• **TASK DIRECTIONS**
The answer should be every line below, repeated exactly, with the images left out.

• **DATA SEGMENT**
►

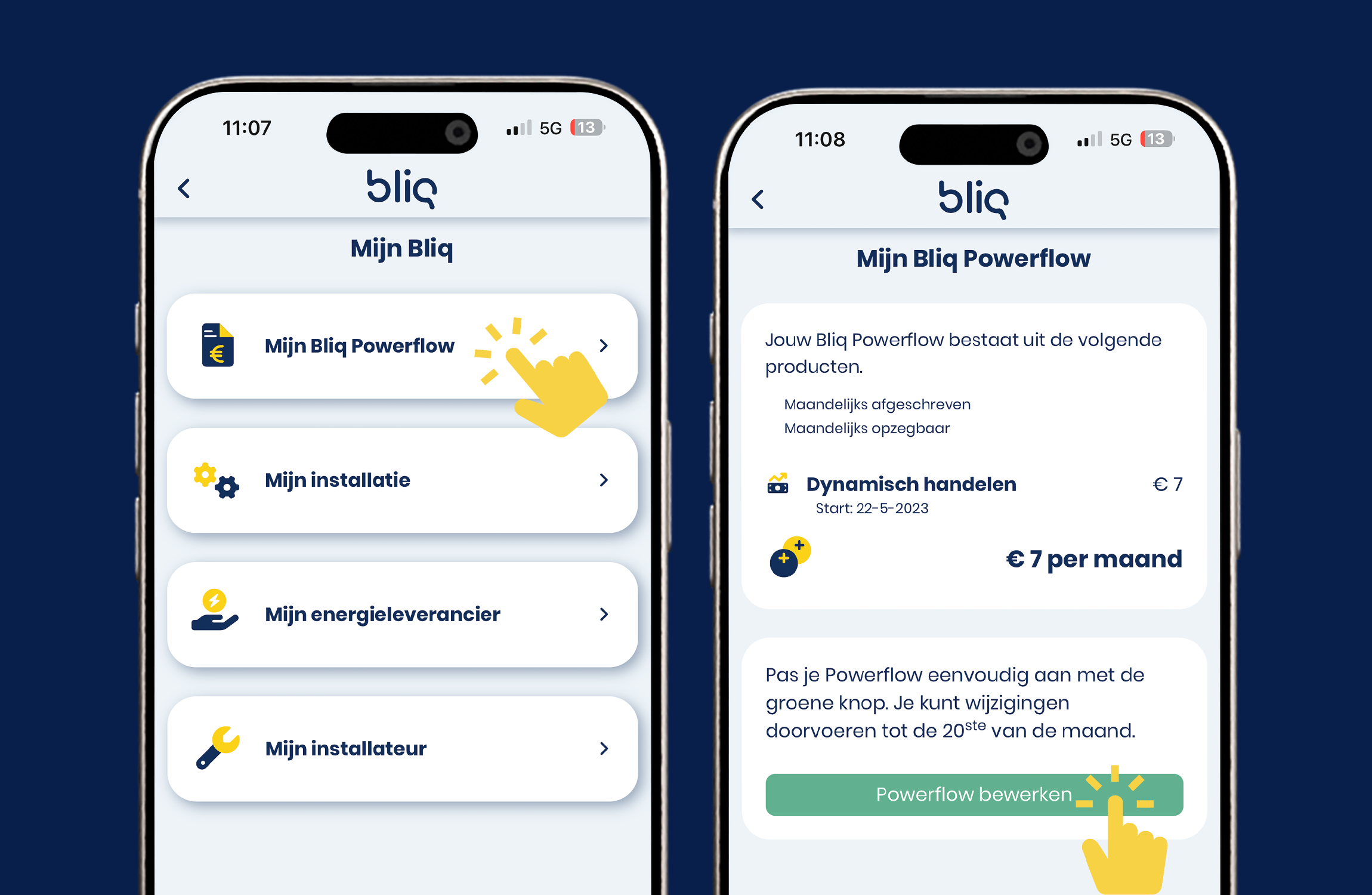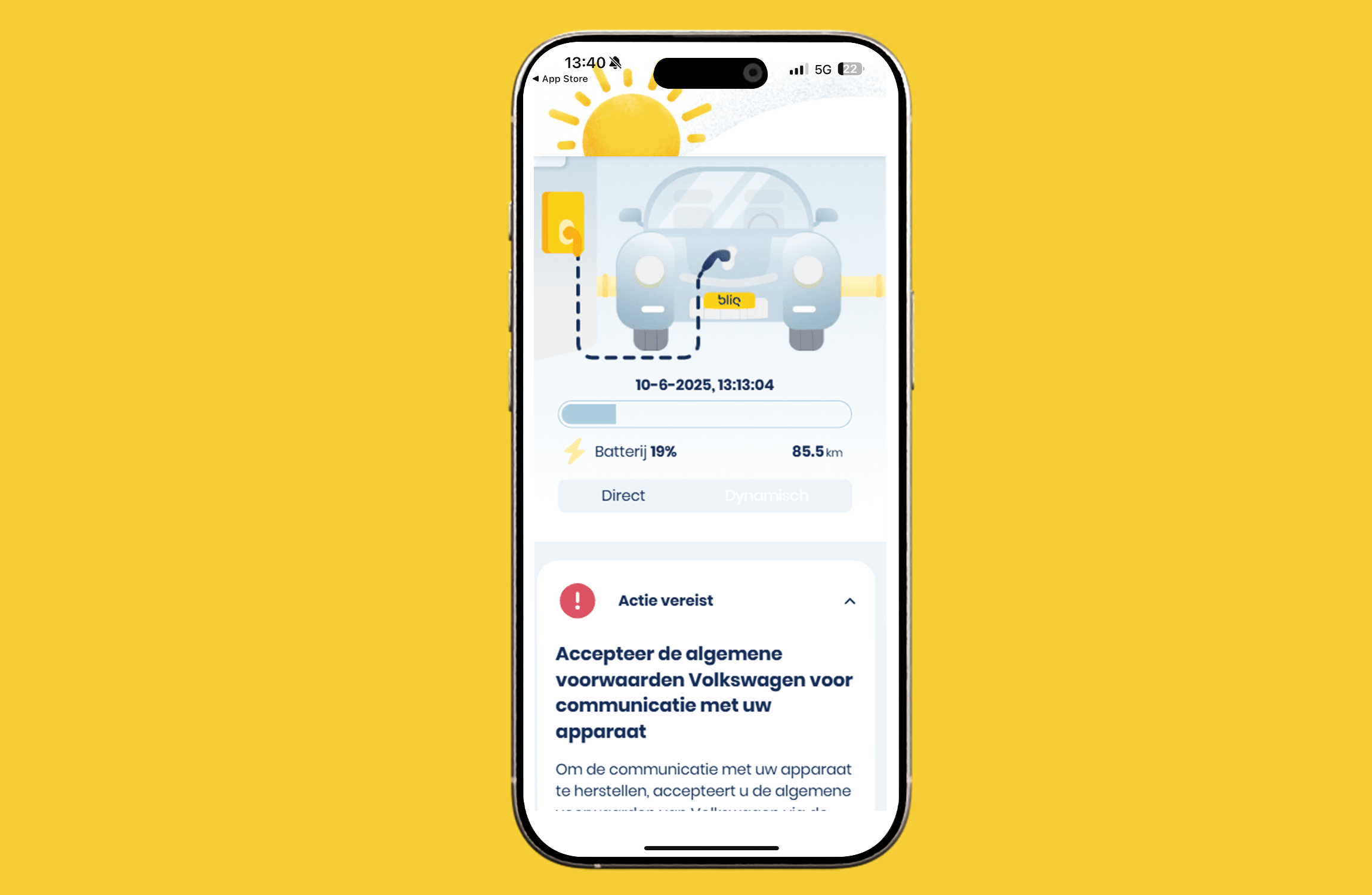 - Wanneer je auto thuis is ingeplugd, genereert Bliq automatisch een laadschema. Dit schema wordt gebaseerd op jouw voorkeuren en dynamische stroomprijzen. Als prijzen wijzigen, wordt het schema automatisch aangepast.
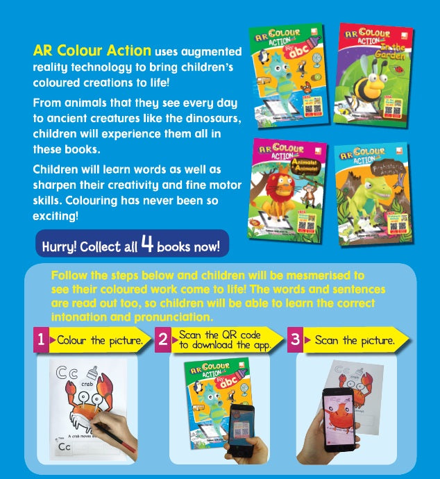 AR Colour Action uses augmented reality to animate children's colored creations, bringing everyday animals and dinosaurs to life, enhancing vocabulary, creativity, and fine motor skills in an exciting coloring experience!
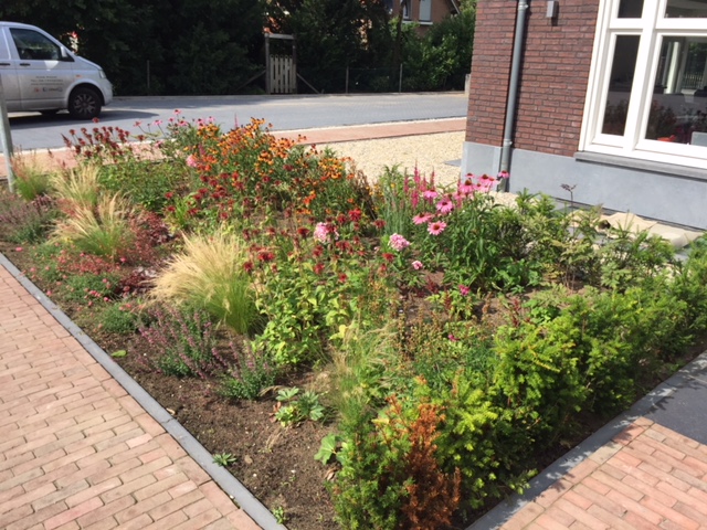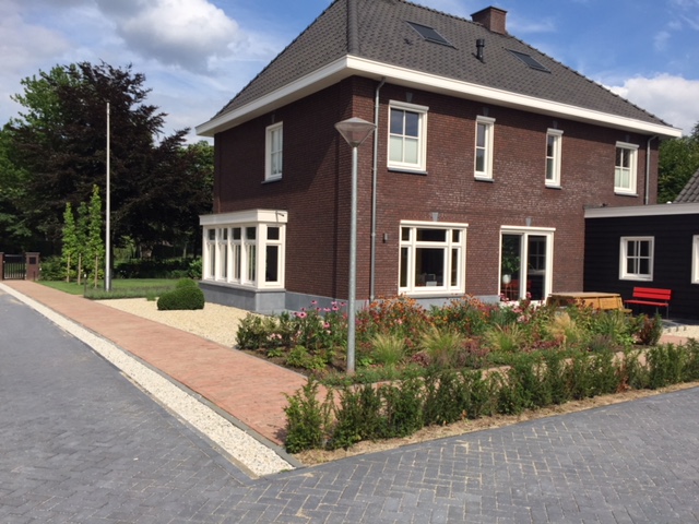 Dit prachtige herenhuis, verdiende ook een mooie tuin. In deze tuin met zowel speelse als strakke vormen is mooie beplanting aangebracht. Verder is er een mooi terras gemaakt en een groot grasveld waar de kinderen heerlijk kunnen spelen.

◄

• **SOLUTION FOR THIS EXERCISE**
 - Wanneer je auto thuis is ingeplugd, genereert Bliq automatisch een laadschema. Dit schema wordt gebaseerd op jouw voorkeuren en dynamische stroomprijzen. Als prijzen wijzigen, wordt het schema automatisch aangepast.
 AR Colour Action uses augmented reality to animate children's colored creations, bringing everyday animals and dinosaurs to life, enhancing vocabulary, creativity, and fine motor skills in an exciting coloring experience!
 Dit prachtige herenhuis, verdiende ook een mooie tuin. In deze tuin met zowel speelse als strakke vormen is mooie beplanting aangebracht. Verder is er een mooi terras gemaakt en een groot grasveld waar de kinderen heerlijk kunnen spelen.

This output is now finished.